Donald Trump’s greatest strength is his ability to weather controversy and even double down on his chosen course of action. Take the assassination of Iranian General Soleimani as an example. The criticism over the unilateral move was fierce, but the President was resolute in his course and then, in response to the Iranian push-back, doubled down by threatening to bomb Iranian cultural sites. Ironically, the storm has mostly blown over; the focus has now shifted to Iran’s downing of Ukrainian International Airlines Flight 752. While the criticism of Iran, in this case, is entirely justified, Trump’s role in the escalation leading up the incident has gone by the wayside. John Gotti, the infamous 20th-century gangster, once earned the moniker ‘the Teflon Don’ because of his ability to avoid prosecution after being acquitted in three high-profile trials. Donald Trump is almost certainly more deserving of the nickname, because no criticism, however damning, seems to undermine his position. If this latest incident proves anything, it's that each attempt to check his power only makes him stronger.
Bottom line: Last Wednesday, US ADP Non-farm Employment data markedly beat expectations, and the previous month's reading was also revised higher. The hope was that this would translate into a strong Change in Non-Farm Payroll stat on Friday, but unfortunately, that wasn’t the case. Instead, the crucial figure came out at 145k, which is just about enough to keep up with the pace of population growth. Average Hourly Earnings also underwhelmed, but it is worth bearing in mind that these are monthly readings which are prone to volatility and subsequent vision. Now that the Iranian crisis is seemingly behind us, the path is again clear for markets to make some positive forward progress. We’re just waiting for it to materialise before the next incident obstructs progress, once again.
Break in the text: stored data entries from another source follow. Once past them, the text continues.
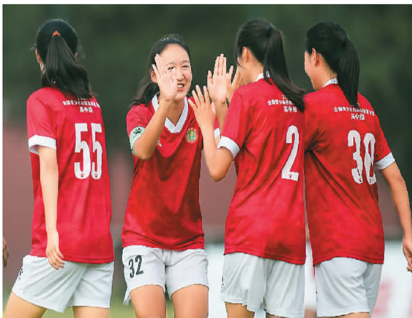
2020年全国青少年校园足球夏令营竞赛女子高中组比赛现场。

“这一全国性青少年足球竞赛平台之于学校体育改革、体教融合和中国足球改革都具有重要意义。”王登峰认为，中国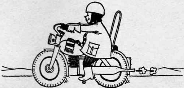
Årstidernes skifter, mærkes ikke på ryggen af en MC'er, hvor fornuft er lig med polarudstyr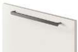
COD. 32701 MANIGLIA IN METALLO FINITURA ANTRACITE ORIZZONTALE Horizontal anthracite finish metal handle . Poignée en métal finition Anthracite horizontale . Horizontaler metallgriff mit finish edelstahl . Tirador horizontal de metal acabado antracita . Ручка из металла с отделкой антрацит, горизонтальная . 水平无烟煤色饰面金属 把手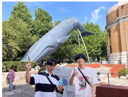
博物館外のシロナガスクジラ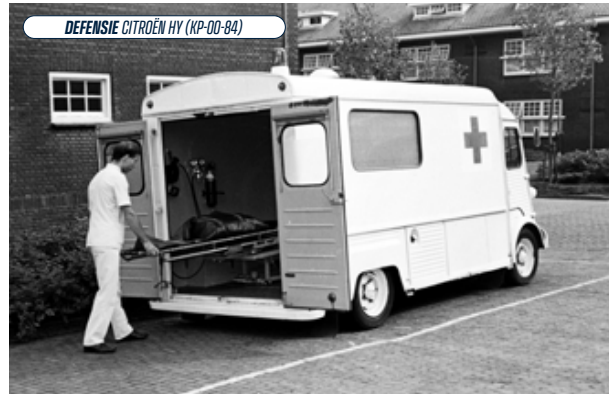
DEFENSIE CITROËN HY (KP-00-84)

▼ Koninklijke Marine, Marienevliegkamp Valkenburg Mercedes-Benz 310 (KM-55-06) 1984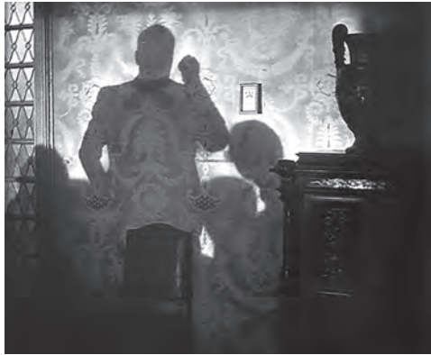
تصویر ۱۵ - سایه‌سرا ن گروه های تبهکار.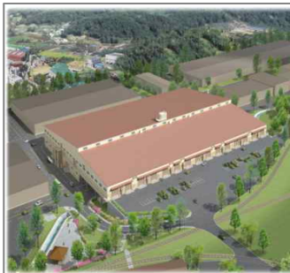
< 건축 조감도 >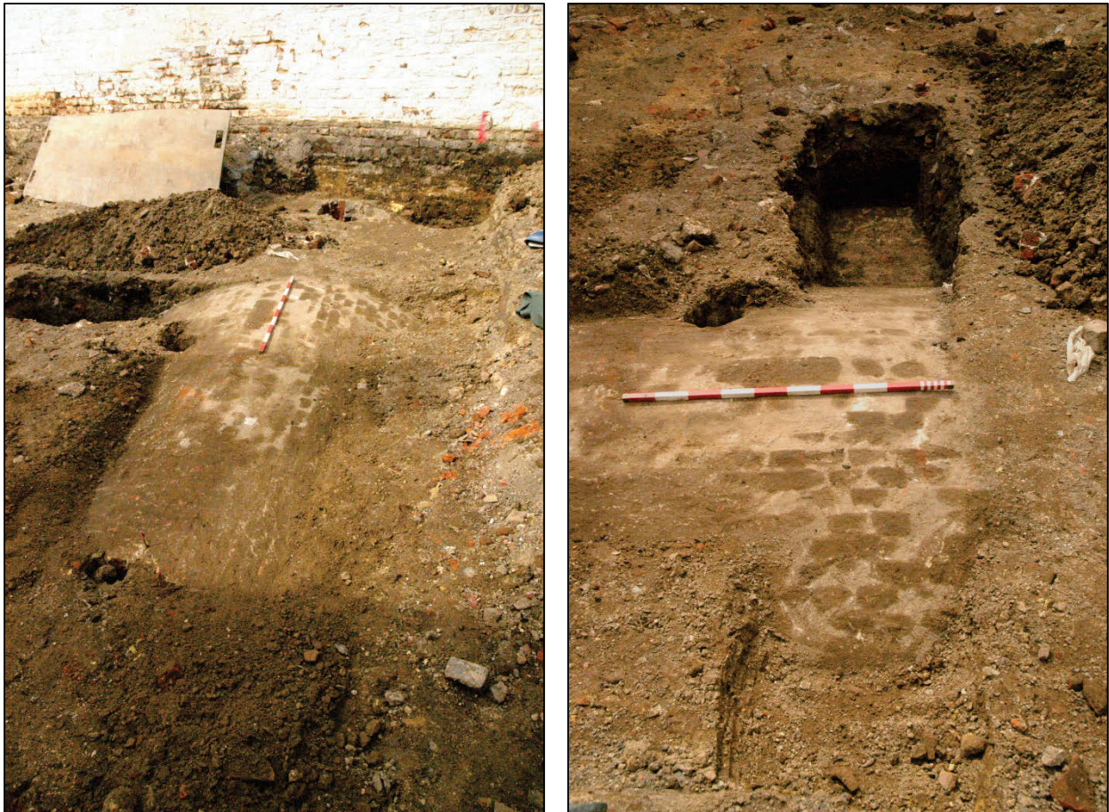
Fig. 8 De overwelfde leperlee.

Het vondstenmateriaal bevat naast bouwmateriaal (daktegelfragmenten, enkele onversierde en stempeltegels) uiteraard vooral potscherven. Het grijs aardewerk overweegt lichtjes, tegenover wat gewoon rood, veel hoogversierd en één stukje protosteengoed. Bij het grijs aardewerk komen vooral open vormen voor, naast een voorraadpot (fig. 9, 1-4). Bij het gewoon rood aardewerk is het aanbod beperkt tot kannen en braadpannen (fig. 9, 5-6). De bodem van een fijnwandig drinknapje met volledig uitgeknepen standring vormt (fig.10) de uitzondering op de regel. Het hoogversierd aardewerk is prominent aanwezig en gekenmerkt door een zeer dunne witbakkende sliblaag en een dikke, -vele tinten- groene glazuurlaag. In één geval is als versiering intense ribbeling toegepast. Een fragment van een dierlijk figuurtje (fig. 10) -een schaap?- is misschien als een kaarsenhouder te interpreteren 14 . Dit materiaal belicht een moment binnen de ophoging van het terrein.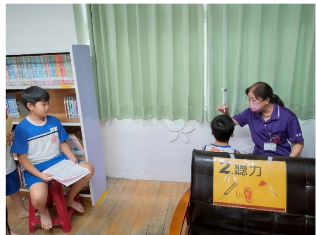
護理師測量學生聽力。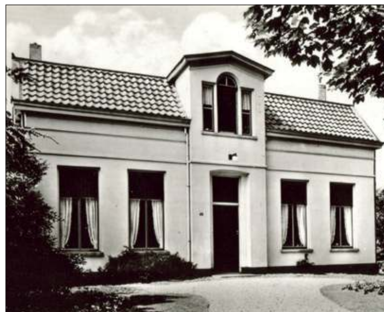
De pastorie Dorpsweg 40 is een gemeentelijk monument. De nagenoeg voltooide restauratie van het pand is zeker geslaagd te noemen.

seren we de Ontmoetingskerk, oorspronkelijk in 1967 gebouwd als Gereformeerde Kerk, nu PKN. De Julianalaan gaat over in (het bebouwde gedeelte van) De Prinsenlaan en is de voorloper van het Prinsenlaantje; het onbebouwde deel van de Prinsenlaan dat loopt vanaf de dorpsrand van Maartensdijk tot aan de Nieuwe Weteringseweg in Groenekan. Het is een cultuurhistorisch overblijfsel van een weg die gelopen heeft van Hollandsche Rading naar Utrecht. Na Prinsenlaan 26 gaan we rechtsaf en bereiken via de Sterrenlaan, de Bernhardlaan en (linksaf) de Melkweg weer ons vertrekpunt aan de Dierenriem.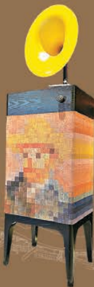
■黃色留聲機的馬賽克圖案，充滿藝術氛圍。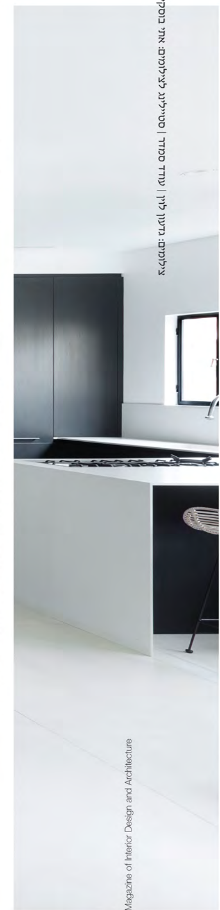
The Magazine of Interior Design and Architecture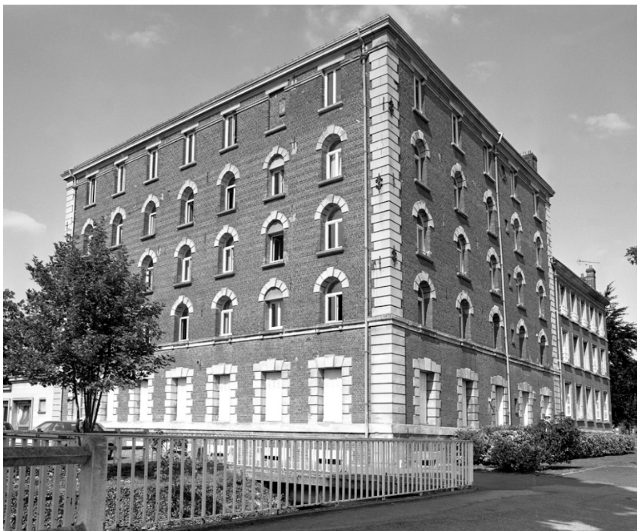
Vue latérale sud nord.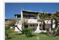
Appartamento pp residence al Porto Vulcano Euro 90,000.00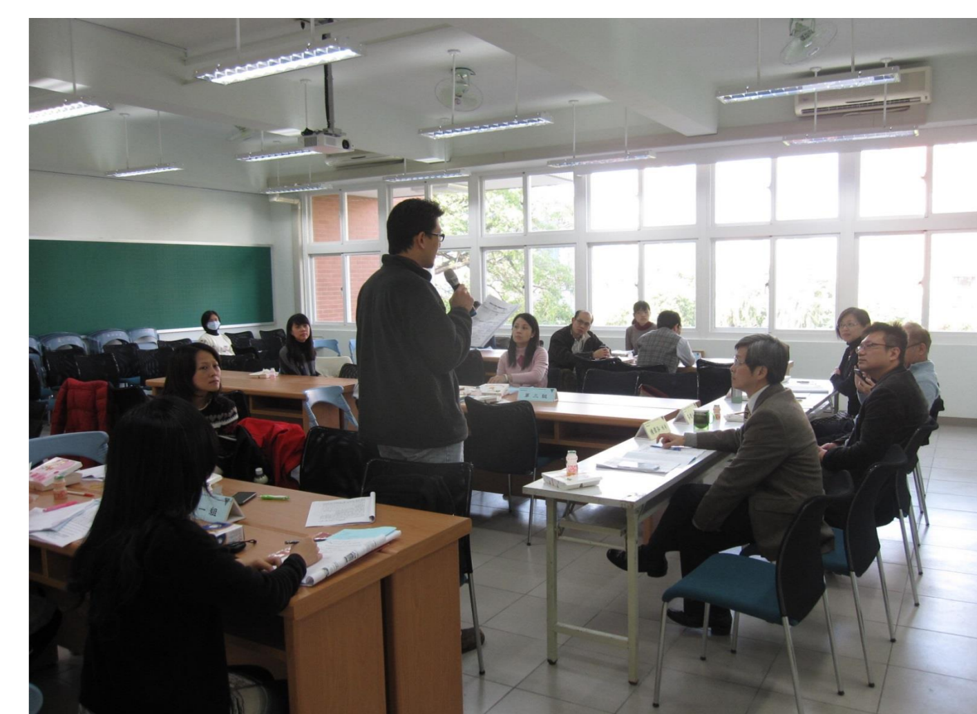
校內外教師、校長、專家共同議課

■ 指導單位：教育部 ■ 主辦單位：學習領導下中小學學習共同體之規劃與推動計畫辦公室、臺北市教育局 ■ 協辦單位：臺北市立長安國中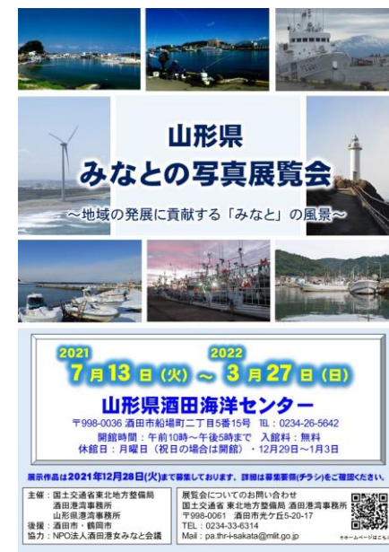
写真展覧会開催のチラシ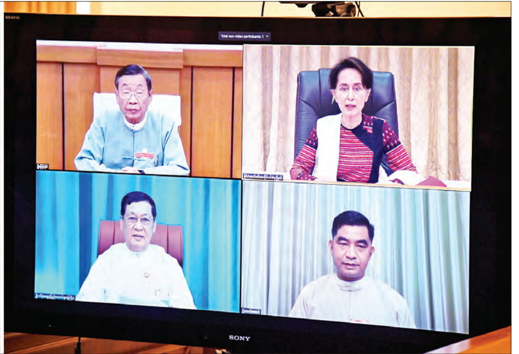
နိုင်ငံတော်၏အတိုင်ပင်ခံပုဂ္ဂိုလ် ဒေါ်အောင်ဆန်းစုကြည် COVID-19 ကာကွယ်၊ ထိန်းချုပ်၊ ကုသရေးကာလအတွင်း ရွေးကောက်ပွဲများ အောင်မြင်စွာကျင်းပနိုင်ရေးအတွက် ကြိုတင်ပြင်ဆင်ဆောင်ရွက်နေမှုများနှင့်စပ်လျဉ်း၍ ပြည်ထောင်စုဝန်ကြီး ဦးသိန်းဆွေ၊ ပြည်ထောင်စုရွေးကောက်ပွဲကော်မရှင်အဖွဲ့ဝင် ဦးမြင့်နိုင်၊ အထွေထွေအုပ်ချုပ်ရေးဦးစီးဌာန ဒုတိယညွှန်ကြားရေးမှူးချုပ် ဦးထက်အောင်တို့နှင့် အပြန်အလှန်ဆွေးနွေးစဉ်။

နိုင်ငံတော်၏အတိုင်ပင်ခံပုဂ္ဂိုလ်မှ ရှေးဦးစွာ Coronavirus Disease 2019 (COVID-19) ကာကွယ်၊ ထိန်းချုပ်၊ ကုသရေး အမျိုးသားအဆင့်ဗဟိုကော်မတီဥက္ကဋ္ဌ၊ နိုင်ငံတော်၏အတိုင်ပင်ခံပုဂ္ဂိုလ်က နှုတ်ခွန်းဆက်အမှာစကားပြောကြားရာ၌ ယနေ့တွင် နိုင်ငံသားများအတွက် များစွာအရေးကြီးသည့် အခြေခံအခွင့်အရေးနှစ်ခုနှင့်ပတ်သက်၍ ဆွေးနွေးမည်ဖြစ်ပါကြောင်း၊ ပထမတစ်ခုသည် ကျန်းမာရေးဖြစ်ပါကြောင်း၊ ပြည်သူတိုင်း ကျန်းမာရေးကောင်းမွန်ရေးသည် မိမိတို့၏ အဓိကတာဝန်ဖြစ်ပါကြောင်း၊ ယင်းသည် ပြည်သူပြည်သားများ၏ရပိုင်ခွင့်ဖြစ်ပါကြောင်း၊ နောက်တစ်ခုသည် ရွေးကောက်ပွဲတွင်ပါဝင်၍ မဲပေးနိုင်ရန်ဖြစ်ပါကြောင်း၊ ယင်းသည်လည်း နိုင်ငံသူနိုင်ငံသားများ၏ ရပိုင်ခွင့်နှင့် တာဝန်ဖြစ်ပါကြောင်း၊ ယင်းကိစ္စများကို ဖြစ်မြောက်အောင် ဆောင်ရွက်ပေးရေးတွင် အလုပ်သမား၊ လူဝင်မှုကြီးကြပ်ရေးနှင့်ပြည်သူ့အင်အားဝန်ကြီးဌာန၊ အုပ်ချုပ်ရေးပိုင်းဆိုင်ရာနှင့် ပြည်ထောင်စုရွေးကောက်ပွဲကော်မရှင်တို့သည် အဓိကကျပါကြောင်း။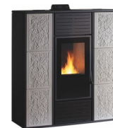
BLANC (Panneau en Céramique) REF. 0603.0122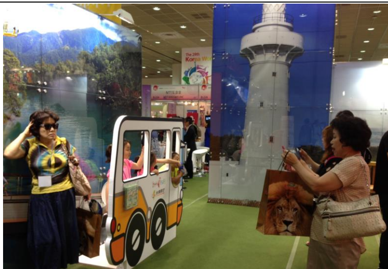
臺灣觀光巴士模型吸引大小朋友們排隊拍照，同時呼應「噗通噗通 24 小時臺灣 —與代言人趙正錫相約墾丁沙灘派對」於展攤設置墾丁燈塔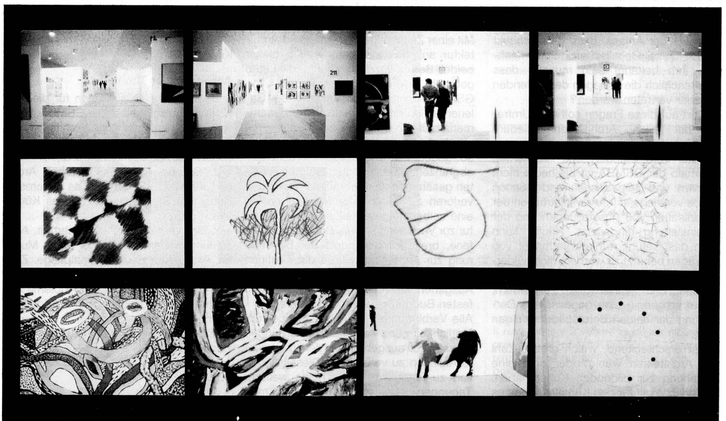
Weihnachtsausstellung, Züspa, Zürich 83/84.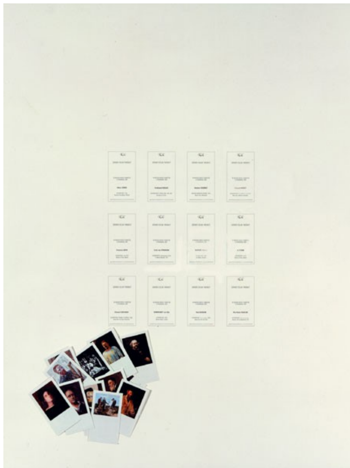
Fig. 3b : Gérard Collin-Thiébaud, Un Nouveau Musée Clandestin , 1989. Tirage spécifique 1B-12B. Planche sérigraphiée avec douze vignettes. 65 x 50 cm. 50 ex., à 305 euros. Éric Linard, La Garde-Adhémar. © Avec l'aimable autorisation de Éric Linard et de Gérard Collin-Thiébaud, G ©-T 1988. Photo G. C-T. 1989.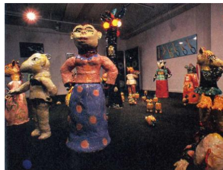
図 15 堤展子 『NOBUKO'S 十二支』 1985年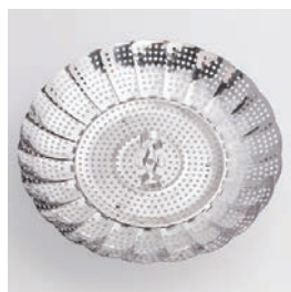
BS-262 フリーサイズ蒸し器 (大) Stainless Steamer (L)

■材質 ステンレススチール ■サイズ(mm) 約175×175×79、最 大サイズ: 約268×268 ×79 ■重さ 約230g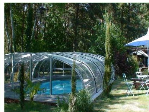
Attrezzature esterne a disposizione degli ospiti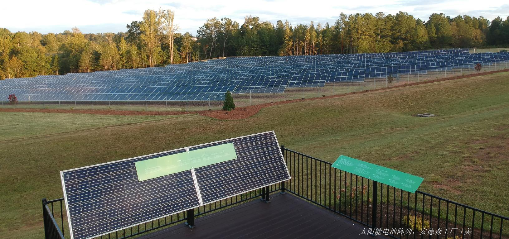
太阳能电池阵列，安德森工厂（美）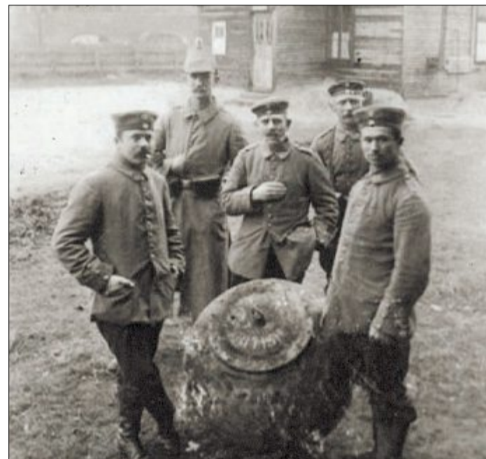
Warum steht die angetriebene Seemine vor der Küchenbaracke? Sollte es etwa eine Drohung an die Köche sein, dass sie ja immer gutes Essen zubereiten? Das Fundstück wurde sicher am Strand von Spezialkräften der Marine entschärft. Wie die schwere Ankertau-Mine transportiert wurde, ist allerdings fraglich.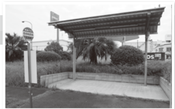
飛島バス停完成予想図

飛島地域交通活性化法定協議会において、西部臨海地帯企業連絡協議会の要望に基づいて、「第二桜木大橋南A」のバス停に屋根が設置されることになりました。名古屋港管理組合・県尾張事務所への申請が済み次第工事に入り、11月末までには完了する予定です。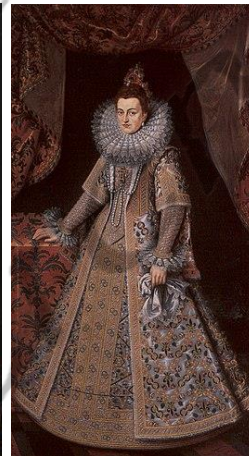
Albrecht van Oostenrijk en Isabella van Spanje

Hiermee bleef het grondgebied van het hertogdom Luxemburg intact.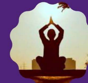
YOGA FOR PEOPLE WITH DIABETES Saturday; 11 to 12 pm

In addition to regular sessions, we also provide Bespoke Mentoring to individuals, Employment support, Beauty sessions, Personal development, Career/Professional development, CV/Interview skills, Footcare education workshops.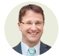
von Clemens Sedmak

Ein kleines Beispiel: In der Ukraine gibt es eine Initiative, in den Hilfspaketen für die Soldaten an der Front auch ein Gedicht einzupacken – die vermeintlich unnütze Schönheit von Worten kann an Würde erinnern – und damit „Würde-wissen“ schenken.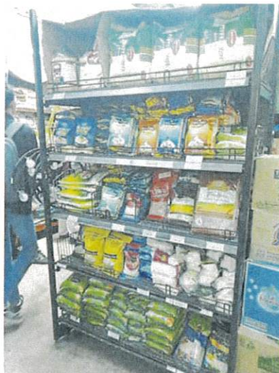
国家糯米公司在 9 月调高进口白米售价。

“纵观过去控制售价的商品，我们不难发现这些商品最终皆面对运作扭曲现象，为此，恕我直言，只有让国内白米价格全面自由浮动，才能全面解决本地白米遭掺入进口白米包装出售的问题，同时一劳永逸改善该产品供应短缺的现象。”

This morning, Sterling dipped below the 1.30 mark against the Greenback for the first time in 2020 as more members of the Bank of England hinted at a potential interest rate cut in the coming months. Sterling’s trade-weighted Index has fallen below the 50-day moving average in what could be a sign of further weakness to come. UK GDP and manufacturing data disappointed this morning, contributing to further losses for the Pound.
In contrast to the Pound’s Index, the Euro trade-weighted Index has jumped above its 50-day moving average as improved global conditions have eased concerns for the outlook in the bloc. An improvement in sentiment will continue to benefit the common currency as investors pull out of the safe-haven Dollar.
The Euro is trading higher against the Greenback after pulling through the 1.11 mark late on Friday. Optimism has stemmed from the impending sign-off of the US-China phase one trade deal. Weaker jobs data also contributed to a broad pullback in the Dollar Index on Friday. The direction of the currency pair this week will hinge on a slew of data releases to come from both regions.